Shamik Das


Monday, December 21, 2009

12,970 reasons to love Sachin the great

Sachin-Tendulkar-Test-run-scoring-record

SIT back and admire the genius that is Sachin Tendulkar, one of the all-time greats and possibly the greatest batsman in history; certainly the greatest I’ve ever had the privilige of seeing - better even than B.C. Lara, whose individual genius seldom led to team success.

Twenty years ago last month Sachin made his debut, a milestone celebrated by Cricinfo, who have split his career into five phases in this graph of his one day international and Test run-scoring prowess. The graph I have compiled, shown above, illustrates his year-by-year contribution to the cause. (Stay tuned for his 20-year ODI graph come the conclusion of the current series against Sri Lanka).
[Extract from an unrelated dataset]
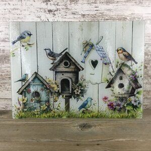Add a touch of country charm to your kitchen with this Rustic Birdhouse Glass Cutting Board. The design features four birdhouses surrounded by vibrant flowers and greenery, with a few birds perched playfully around. The background showcases a rustic barn wood look, creating a warm and inviting feel.

What it best shows, aside from the sheer weight of runs the Little Master has racked up, is his consistency over the years, only four times averaging below 40 since his debut series in Pakistan, topping 50 in eleven years, 60 in nine, 70 in four, 80 in three and, incredibly, averaging more than 90 twice: in 1993 (91.42) and 2004 (91.50) - the year he hit a Test best 248 not out against Australia.

No one has scored more centuries (43) nor runs (12,970), with few having so high a conversion rate of fifties into hundreds (44.33 per cent). Since India’s inaugural Test in 1932, Tendulkar has played in 53 of the country’s 101 wins - more than half - and he has missed only 14 Tests since his debut.

To date, 2002 is his most prolific year, 1,392 runs from 16 Tests - six of which were won - with 1999 his best for centuries (five). Gaps remain, however, most notably his failure to make the honours board at Lord’s - something he’ll be determined to put right 18 months hence.